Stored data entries
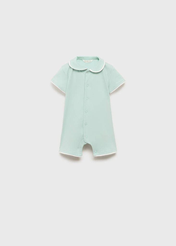 Cotton fabric. Short design. Straight design. Babydoll collar. Short sleeves. Front closure with buttons. Press-stud fastening. Contrasting trim finish
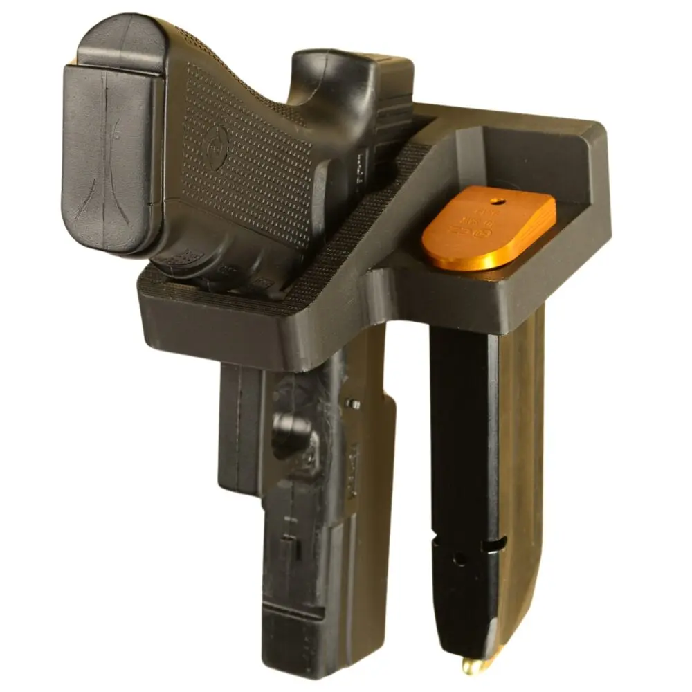 - Uchwyt pasuje do większości pistoletów oraz magazynków 9mm, .45ACP oraz .22LR
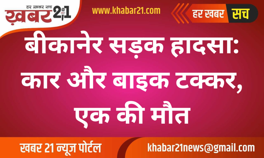 Khabar21 > Blog > बीकानेर > बीकानेर सड़क हादसा: कार और बाइक टक्कर, एक की मौत
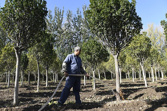 研发苗木基地,工人们正在为“华源发黄杨”浇水。
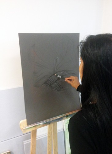 Même si la peinture à l’huile reste sa technique de prédilection, elle a étudié tous les médiums
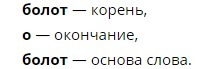 Чтобы указать состав слов нужно выделить окончание, приставку, суффикс, корень и основу. В вашем случае болото.
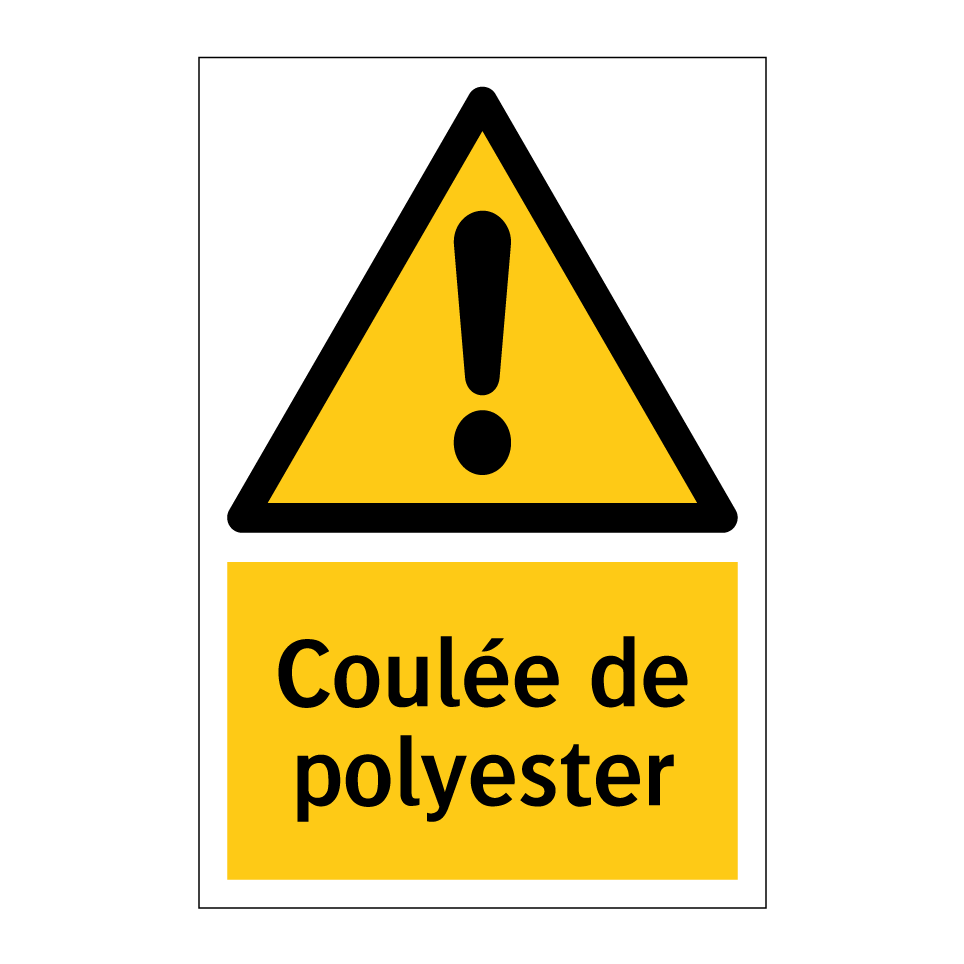 Panneau d'avertissement avec le texte : "Coulée de polyester"
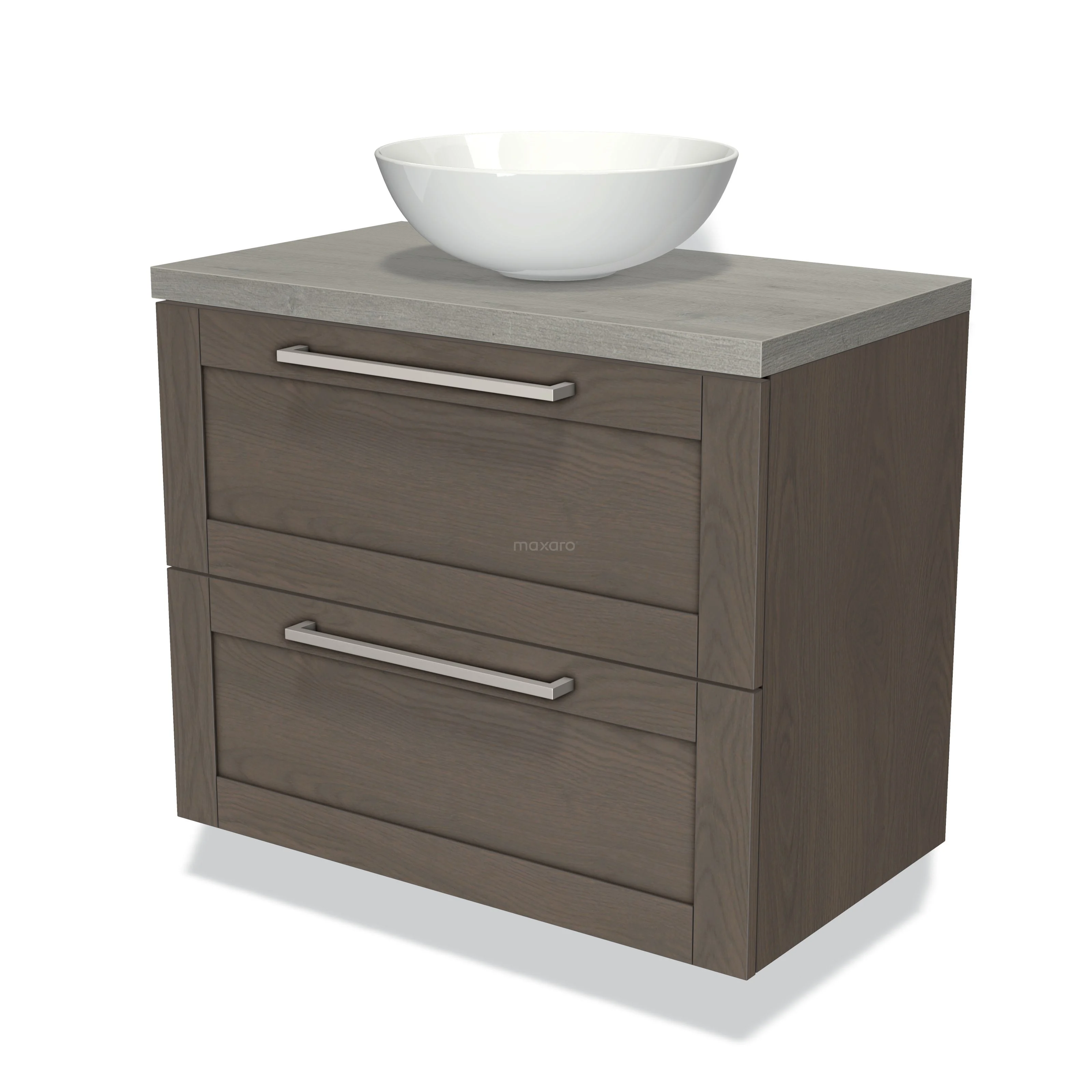 Modulo Plato Badmöbel mit Aufsatzwaschbecken | 80 cm Dunkelbraune Eiche Rahmen front Graue Eiche blatt 2 übereinanderliegende Schubladen

WORK TO COMPLETE
Drop the pictures and reproduce the rest of the entries above exactly.

EXERCISE OUTPUT
 Cotton fabric. Short design. Straight design. Babydoll collar. Short sleeves. Front closure with buttons. Press-stud fastening. Contrasting trim finish
 - Uchwyt pasuje do większości pistoletów oraz magazynków 9mm, .45ACP oraz .22LR
 Khabar21 > Blog > बीकानेर > बीकानेर सड़क हादसा: कार और बाइक टक्कर, एक की मौत
 研发苗木基地,工人们正在为“华源发黄杨”浇水。
 Même si la peinture à l’huile reste sa technique de prédilection, elle a étudié tous les médiums
 Чтобы указать состав слов нужно выделить окончание, приставку, суффикс, корень и основу. В вашем случае болото.
 Panneau d'avertissement avec le texte : "Coulée de polyester"
 Modulo Plato Badmöbel mit Aufsatzwaschbecken | 80 cm Dunkelbraune Eiche Rahmen front Graue Eiche blatt 2 übereinanderliegende Schubladen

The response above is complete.